The other claim about the Singur project generating prospective investment in the future rests on equally shaky foundations. The question really boils down to whether the Tata plant can attract other major investments and lead to an industrial rejuvenation of Bengal. The example of Jamshedpur in neighbouring Jharkhand should be carefully looked at. Tata’s factories in Jamshedpur did nothing for the overall industrialization of the state of Bihar or now Jharkhand. It remained an enclave of industrial activity, without forging strong forward or backward linkages in neighbouring areas. The other issue to think about, in the context of the claim about TML drawing future investments, is whether other industrialists coming to invest in Bengal would also demand similar bonanzas from the government. Will the government refuse them the goodies that they have offered TML and let them turn away or will it repeat the Tata-like agreements and put further burdens on the exchequer. Either option does not seem to be beneficial from the perspective of the working people of the state.
Summary: while the costs of the proposed Singur-Tata project is obvious, tangible, immediate and large, the benefits seem to be uncertain, residing far away in the future and their magnitudes small.
Oh! So Poor Tata
A few months back, the finance minister of West Bengal presented a budget with a Rs. 2 crore deficit; a net subsidy of about Rs. 3000 crores would certainly be extremely costly for the people of the state; after all it is about 1500 times the budget deficit in fiscal year 2008-09. Given that a small, poor, fund-starved state like West Bengal is making such great efforts to subsidize the Tata’s, it must mean that they (the Tata’s) are in a dire financial situation. But is that true? If we merely cast a glance at the recent international buying spree that the Tata’s have been engaged in, we might be able to understand how far from the truth would be any assertion that the Tata’s require financial assistance from a poor state like West Bengal to start an industrial project.
The Tata Group of Companies, let us remind ourselves, is one of the largest business conglomerates in India with about 100 large companies in it’s fold. With the might of the Indian State firmly behind it, monopoly capital in India has started a move to aggressively acquire foreign assets, what it calls strategic corporate assets. In the last few years, the Tata Group has been leading this acquisition spree on behalf of Indian big capital, making forays not only in Asia and Africa but also in the heartland of world capitalism: USA and Europe. Let us briefly take a look at the record of the Tata Group with regard to foreign acquisitions.
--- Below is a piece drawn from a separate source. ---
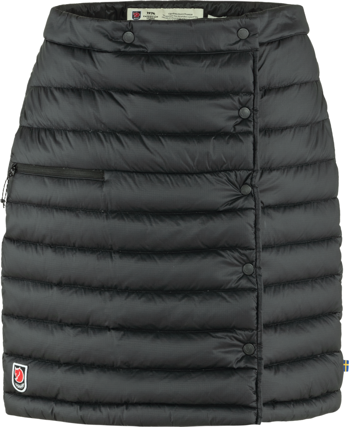 Women’s Expedition Pack Down Skirt är en lätt, packbar dunkjol från Fjällräven som passar utmärkt för vardagligt uteliv på vintern. Kjolens flexibla design ger utmärkt rörelsefrihet och gör det lättare att välja rätt lager till rätt temperatur. Förstärkt midja och elastisk dragskojustering för en perfekt passform. Ficka med dragkedja (och invändig nätficka) fungerar även som packväska i vilken kjolen packas ner i egen ficka.Material 1:100% PolyamidFyllning 1: 90% Dun, 10% FjädrarFyllning 2:100% Polyester
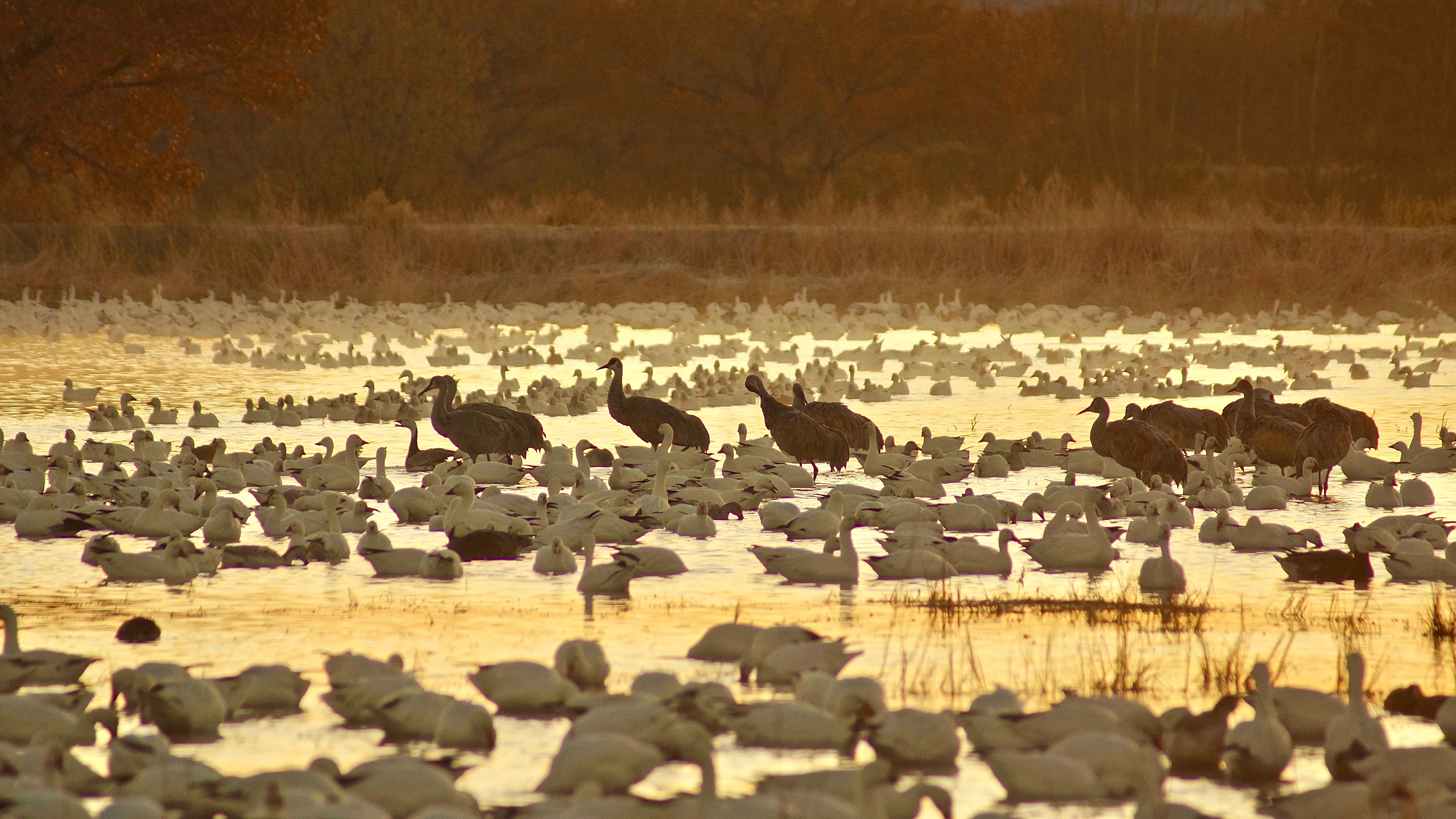 Every November, New Mexico holds the Festival of the Cranes to celebrate the migratory return of Sandhill Cranes to the wetlands along the Rio Grande River. In addition to the cranes, there are tens of thousands of ducks and geese that migrate to the area as well.

In January 2007, the Tata Group pulled off India’s biggest ever takeover of a foreign company to buy Anglo-Dutch steel-maker Corus for $12 billion; this acquisition made the combined entity (Tata-Corus) the world’s fifth largest producer of steel. In March 2004, the Tata Group acquired South Korea’s Daewoo Commercial Vehicle Company for $102 million; this was followed by the acquisition of a 21 percent stake in Spanish bus maker Hispano Carrocera for $18 million with an option to pick up the remaining stake at a later date. Around the same time, Tata Technologies, another company in the Tata fold, which provides automotive engineering and design services, bought Britain’s Incat International for $53 million.
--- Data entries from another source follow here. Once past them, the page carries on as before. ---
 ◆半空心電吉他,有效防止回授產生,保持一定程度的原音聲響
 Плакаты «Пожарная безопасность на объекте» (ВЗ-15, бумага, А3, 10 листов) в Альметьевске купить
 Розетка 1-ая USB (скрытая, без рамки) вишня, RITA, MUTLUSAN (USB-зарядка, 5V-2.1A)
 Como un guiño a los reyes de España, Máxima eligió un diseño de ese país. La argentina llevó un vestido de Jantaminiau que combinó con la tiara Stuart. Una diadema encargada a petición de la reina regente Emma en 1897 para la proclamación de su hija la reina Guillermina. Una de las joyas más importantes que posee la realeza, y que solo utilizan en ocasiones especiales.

Tata Consultancy Services, which was earlier a division of Tata Sons and a rising star in the Tata Group, has been among the most aggressive shoppers for foreign companies. It has acquired six companies in the past few, with the net value of the deals close to $100 million; these include FNS of Australia, which was acquired for $26 million and Chile’s outsourcing major Comicrom, which was bought for $23 million. When the Tat Group acquired the former state-run, international telecom carrier, VSNL, a few years ago, it was on it’s way to becoming a major telecom player in the global markets. To enhance it’s position, it acquired undersea cable company Tyco of the US for $130 million, Internet service provider Dishnet’s India division for $64.28 million and international telecom service provider Teleglobe of the US for $239 million.
Following its acquisition of Hindustan Lever Chemicals, Tata Chemicals was on the lookout for a steady supply of phosphoric acid for its newly acquired plant at Haldia, West Bengal. Accordingly, it took over two overseas companies for a total value of $215 million: Indo Maroc Phosphore of Morocco in March 2005 and Brunner Mond Group of Britain in December 2007. Morocco, by the way, produces over 50 percent of the world’s rock phosphate.
In 2000, Tata Tea bought British giant Tetley for a $407 million, and started looking for similar deals to strengthen it’s global position in the tea and related drinks business. This search led to acquisition of 33 percent stake in the South African company Joekels Tea Packers for an undisclosed amount and 30 percent stake in the US-based favoured water manufacturer Glaceau for $677 million, the acquisition of the US-based Good Earth Corp for $32 million and acquisition of the Czech Republic’s firm Jemca for an unknown amount.
India Hotels, the hotel branch of the Tata Group, acquired several hotels abroad for $121 million in the past few years. It is reported to have set aside $100 million for future acquisitions in Europe, the Middle East, Asia and the US. In December 2006, it had acquired W, a hotel at the Woolloomooloo Bay in Sydney; it was followed by the taking over of the management of The Pierre, a luxurious landmark hotel on New York’s Fifth Avenue. India Hotels, which runs the Taj Group of hotels, has 39 hotels in India and 18 worldwide. A recent acquisition of India Hotels was Campton Place Hotel in San Francisco.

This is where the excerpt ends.